For Mr Blair, the French decision represents a considerable blow to his European strategy. Having carefully played by the rules and agreed to exhaustive efforts to achieve a negotiated settlement, Wednesday's rejection was a sizeable setback.
Before leaving London the Prime Minister spoke by telephone to Romano Prodi, President of the European Commission, and Brussels is backing the UK fully.
The EU at least provides a mechanism for recourse but that is unlikely to satisfy Eurosceptic opinion in Britain. Officials are now bracing themselves for a wave of criticism about the operations of the Court of Justice, which could take between 14 months and two years to resolve the case.
Ironically the beef crisis may, however, help Mr Blair through this two-day summit. With the UK at the centre of a bitter row over the proposed tax on savings, the Prime Minister was set to appear in Helsinki in the role of villain. Instead he emerges as the victim of this drama.
Ironically, the French Finance Minister raised his head above the parapet to call for the UK to fall into line on the tax issue. In the current climate that will cut little ice, and any repeat of Gerhard Schroder's criticism of Mr Blair over tax is likely to pale into insignificance alongside Anglo-French invective on beef. As one official put it: "Blair's off the hook".
Looming over the summit is the EU's dilemma over how to deal with Finland's troublesome neighbour, Russia, and its aggression in Chechnya.
Calls for the severing of financial-aid programmes, or for co-ordinated diplomatic protests, were being played down by Finland, which has years of experience of dealing with Moscow. It might, said one of the country's most senior diplomats, "be too early to talk about financial sanctions". Other nations, including the UK and France will be pushing hard to toughen that stance and send a clear political message to Moscow.

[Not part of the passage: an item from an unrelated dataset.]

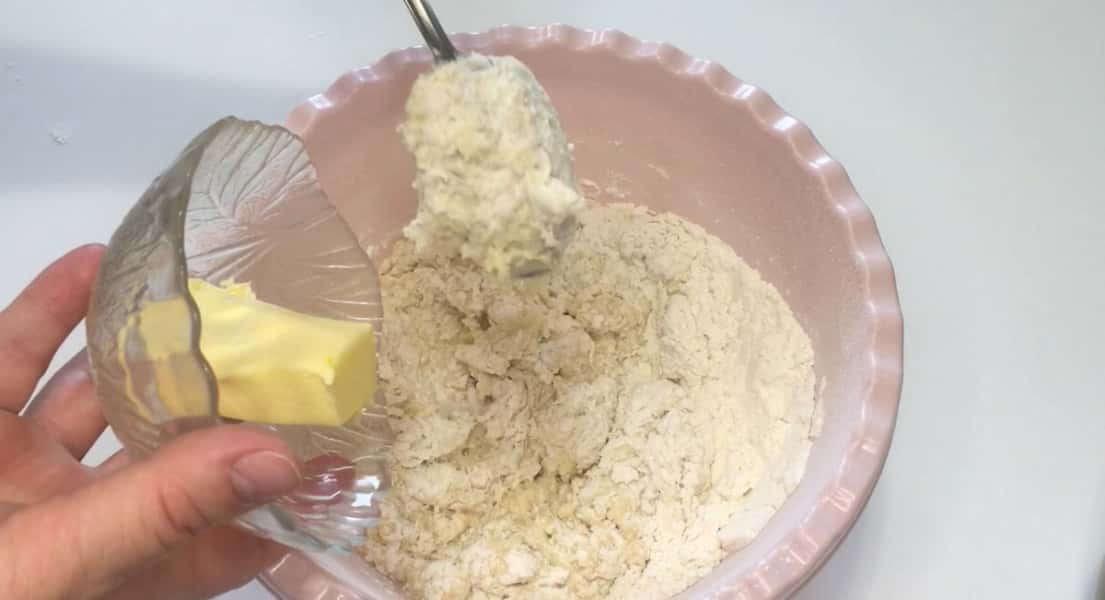 Борошно увібрало всю рідину, додаємо 40 г м’якого вершкового масла і вмішуємо в тісто.

But the leaders also have a difficult negotiation on their hands today over Turkey's demand to be given candidate status. If Europe says "no", it will mean the end of Turkey's brave new friendship with Greece, forged in the despair of this year's catastrophic earthquakes. It will be a death sentence for the Kurdish rebel leader Abdullah Ocalan, and the end of Kurdish hopes for better rights. And it will probably be the end of hopes for a new settlement on Cyprus.
The earthquake that killed 17,000 in August gave Turkey a chance at Helsinki, prompting sympathy from across Europe, and, crucially, giving Athens and Ankara the chance to patch up differences. But now Greece is bargaining, seeking concessions on Cyprus and the Aegean islands.
All of which will could mean a summit disappointment for the Finnish hosts.
With scheduled announcements on Europe's new defence capability, the next phase of enlargement and of institutional change, Finland had hoped for some positive headlines to round off its first presidency and the last EU summit of the century. It still has its work cut out.
The summit will lay the foundations for expansion of the EU, from 15 to 26 members, with Latvia, Slovakia, Romania, Bulgaria and Lithuania joining Slovenia, Estonia, Poland, Hungary, the Czech Republic and Cyprus in entry talks. But there will be the tricky question of whether to include Turkey on the waiting list.
The summit will decide to give the EU for the first time its own defence capability - independent of Nato and the United States. The Chechen crisis has highlighted the virtual powerlessness of the EU to force a nuclear superpower to back down.
Leaders are weighing the scope and timing of a new round of negotiations on far-reaching constitutional changes to prepare for 12 new members. Changes include the removal of member states' right to veto majority decisions.
Barring an 11th-hour compromise by finance ministers the leaders may have to tackle contentious proposals for an EU-wide savings tax. Britain and Luxembourg are holding out, fearing it will harm their national interests.